*** Input records Section Begins ***

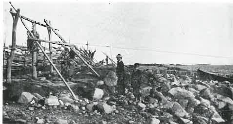
Kuva 1. Pienmuikun pyynnissä käytetyn nuotan vetämistä rantatörmälle pystytettyjen pysyvien kiertimien eli ns. vorotain avulla Lunkulansaaren kivikkorantaa. Valok. heinäk. 1909.

Yksityiskohtaiset tiedot on nähtävissä seuraavasta yhdistelmästä.
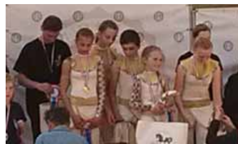
Epinal Voltige Am 4
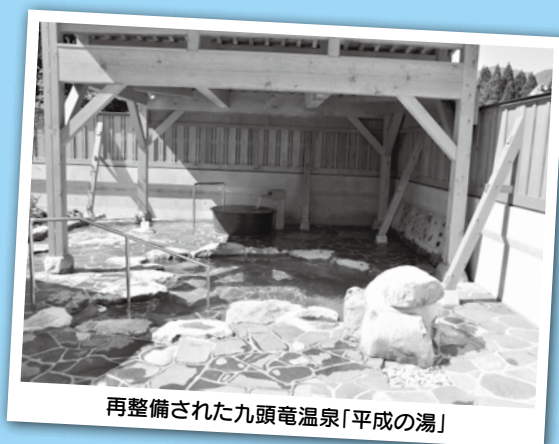
再整備された九頭竜温泉「平成の湯」
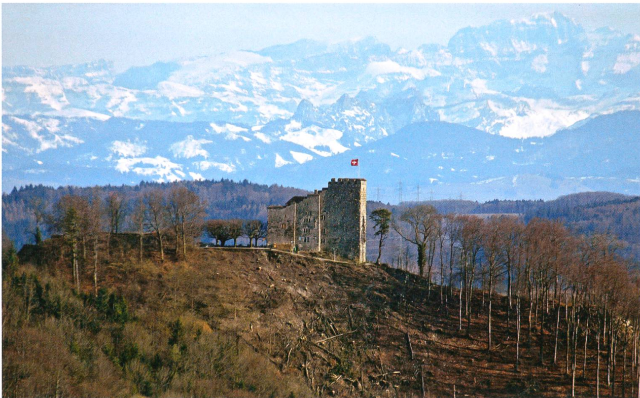
Die Habsburg von Norden. Blick vom Bözberg am 26. März 2006. Die Rodungen haben die Burg wieder sichtbar gemacht.

Was für eine Zukunft hat die Kleingemeinde Habsburg? Sie präsentiert sich als ländlicher, ruhiger Wohnort im Industriedreieck Baden–Brugg–Birrfeld, in der Nachbarschaft des Nordwestschweizer Fachhochschulzentrums Brugg-Windisch, dem inskünftig grössten Bildungsstandort zwischen Zürich, Basel und Bern, sowie an günstiger Verkehrslage in der Autobahnmitte zwischen Zürich und Basel. Aber wer in Habsburg wohnt, ist auf ein Privatfahrzeug oder die öffentliche Verbindung mit dem Postauto angewiesen. Einkaufen muss man auswärts. Das Dorf verfügt auch über keine eigene Poststelle mehr. Wir hoffen hingegen, der latenten Schliessungsgefahr der Dorfschule, die von der ersten bis fünften Klasse keine dreissig Schüler mehr zählt, aber ein starkes, verbindendes Element in der Bevölkerung darstellt, bis auf Weiteres entrinnen zu können.

*** Input records Section Ends ***

Task instructions - Find every line in the records above that holds the word "Habsburg", and copy each one.

Exercise response -
Die Habsburg von Norden. Blick vom Bözberg am 26. März 2006. Die Rodungen haben die Burg wieder sichtbar gemacht.
Was für eine Zukunft hat die Kleingemeinde Habsburg? Sie präsentiert sich als ländlicher, ruhiger Wohnort im Industriedreieck Baden–Brugg–Birrfeld, in der Nachbarschaft des Nordwestschweizer Fachhochschulzentrums Brugg-Windisch, dem inskünftig grössten Bildungsstandort zwischen Zürich, Basel und Bern, sowie an günstiger Verkehrslage in der Autobahnmitte zwischen Zürich und Basel. Aber wer in Habsburg wohnt, ist auf ein Privatfahrzeug oder die öffentliche Verbindung mit dem Postauto angewiesen. Einkaufen muss man auswärts. Das Dorf verfügt auch über keine eigene Poststelle mehr. Wir hoffen hingegen, der latenten Schliessungsgefahr der Dorfschule, die von der ersten bis fünften Klasse keine dreissig Schüler mehr zählt, aber ein starkes, verbindendes Element in der Bevölkerung darstellt, bis auf Weiteres entrinnen zu können.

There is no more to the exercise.